In the end, Arlen Specter seems likely to take his seat as chairman of the Senate Judiciary Committee after all.
But it won't come without a pound of flesh. Ultimately, the two-week firestorm the moderate Pennsylvania Republican has faced since his comments on judicial nominations, made right after his reelection to the Senate, demonstrates just how emboldened the right wing of the Republican Party has become.
Not just antiabortion religious conservatives but also economic conservatives pushing for tort reform have used the Specter flap to make their message clear: With President Bush reelected and larger Republican majorities in both houses of Congress, the time has come to enact the conservative agenda.
"It reflects the lines of division in the election, and is in a sense the first skirmish in what's going to be a long war," says James Guth, a political scientist at Furman University in Greenville, S.C.
Now, a chastened Senator Specter, after multiple TV appearances and closed-door meetings with senators, has put himself on record as promising to ease the way to confirmation for judicial nominations Bush sends to the committee, in spite of Specter's personal support for abortion rights.
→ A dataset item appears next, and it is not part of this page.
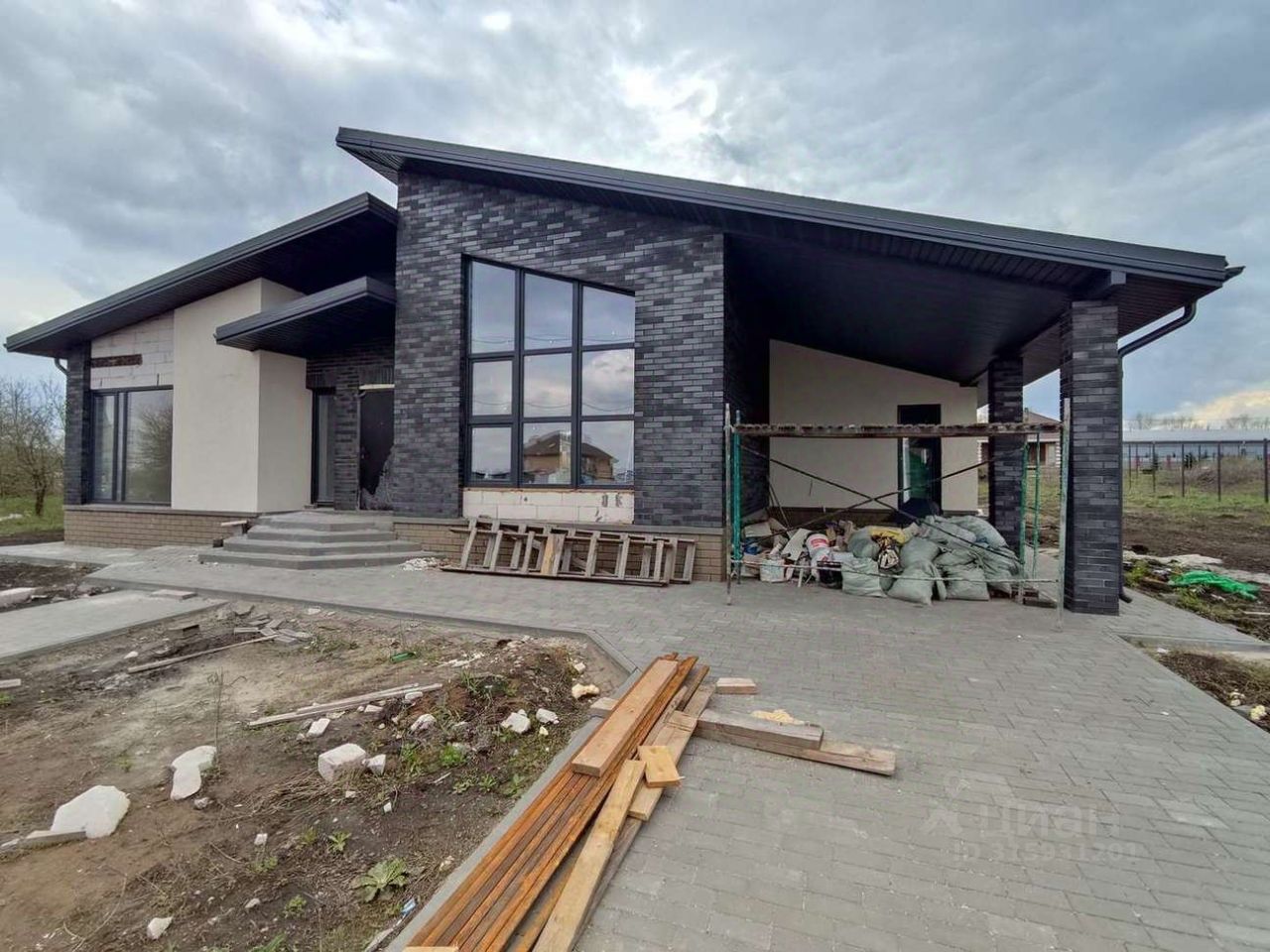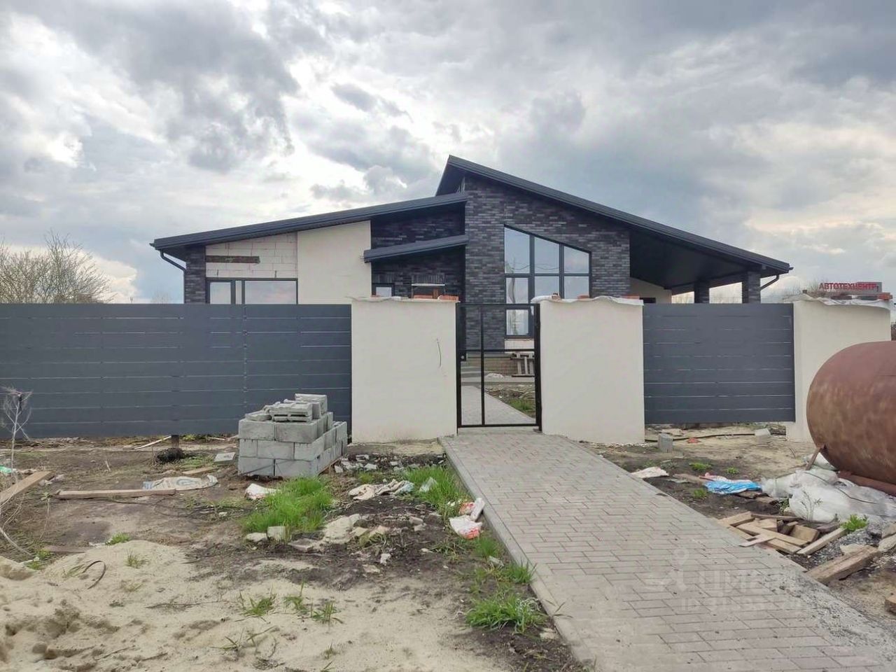 Спальни 3, кухня-гостиная с выходом на террасу, терраса, сан-узла 2, гардеробная, котельная, просторный хол, навес для машины, хоз-блок, забор, тротуарная плитка.

Ironically, if Specter had not made his Nov. 3 comment, he could, theoretically, have given the Bush administration more heartache on judicial nominations than he can now. Still, it hardly seemed possible in the first place that the Arlen Specter of old - the one who opposed conservative Judge Robert Bork for the Supreme Court in 1987 - would have come back to take the chair of the gatekeeping Senate Judiciary Committee.
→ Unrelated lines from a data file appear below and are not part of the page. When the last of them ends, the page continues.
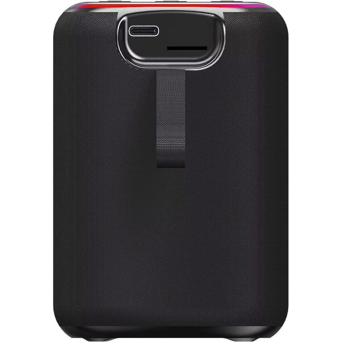 Description - Portable BT party speaker with RGB LED light effect Stream your music wirelessly, signal reach up to 10 m Integrated microphone for handsfree phone calls Multi-color RGB LED light effect with 5 color-modes Also plays music directly from micro SD card (max 32GB) or FM radio Long battery life - up to 4 hours of music streaming on a single charge
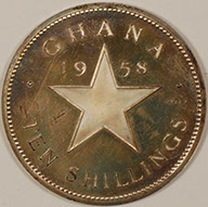 | FC | 6296 | 1958 | GHANA | 10 Shillings | Star | Mintage 11,000 | 0.925 | 0.841 | Silver | 7 | Proof | $32.50 | ||
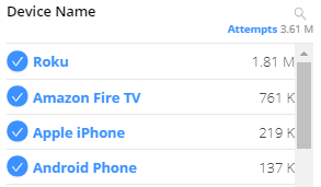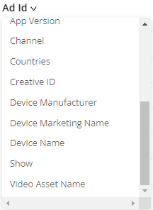 In the dimension drop-down, you can also filter ads by video dimensions, such as country, device name, and video asset name.
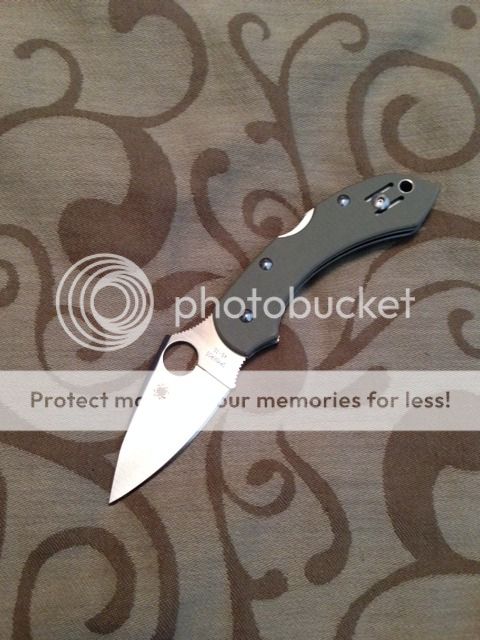 Third, I have a LNIB Spyderco Dragonfly in foliage green g-10. I bought this two customize it but didn't get around to it. Original owner carried it very lightly. No scratches on the blade. Very small nick in the edge that will sharpen out. Tried to capture in picture but to small to see. Only asking $65 + $5 shipping.

Bush had helped Specter win a tough Republican primary race in Pennsylvania against a conservative, and then helped him, too, in the general election. So Specter already owed the White House, and was not expected to give Bush trouble with judicial nominees. As Specter has repeated over and over since his controversial comment, he has supported every Supreme Court nominee that has come down the pike since Judge Bork, including Clarence Thomas, as well as the other federal court nominees, some of whom were bottled up by Democrat-led filibusters.
Unlike the flap two years ago over then-Senate majority leader Trent Lott's praise of onetime segregationist Strom Thurmond - which cost Senator Lott his leadership role - Specter's offending comment at least had the merit of being true.
At his postelection news conference Nov. 3, Specter said that if Bush sent up judicial nominees who favored overturning Roe v. Wade, the 1973 Supreme Court ruling that legalized abortion, they would probably be blocked by Democrats.
"The president is well aware of what happened, when a number of his nominees were sent up, with the filibuster," Specter said. "And I would expect the president to be mindful of the considerations which I am mentioning."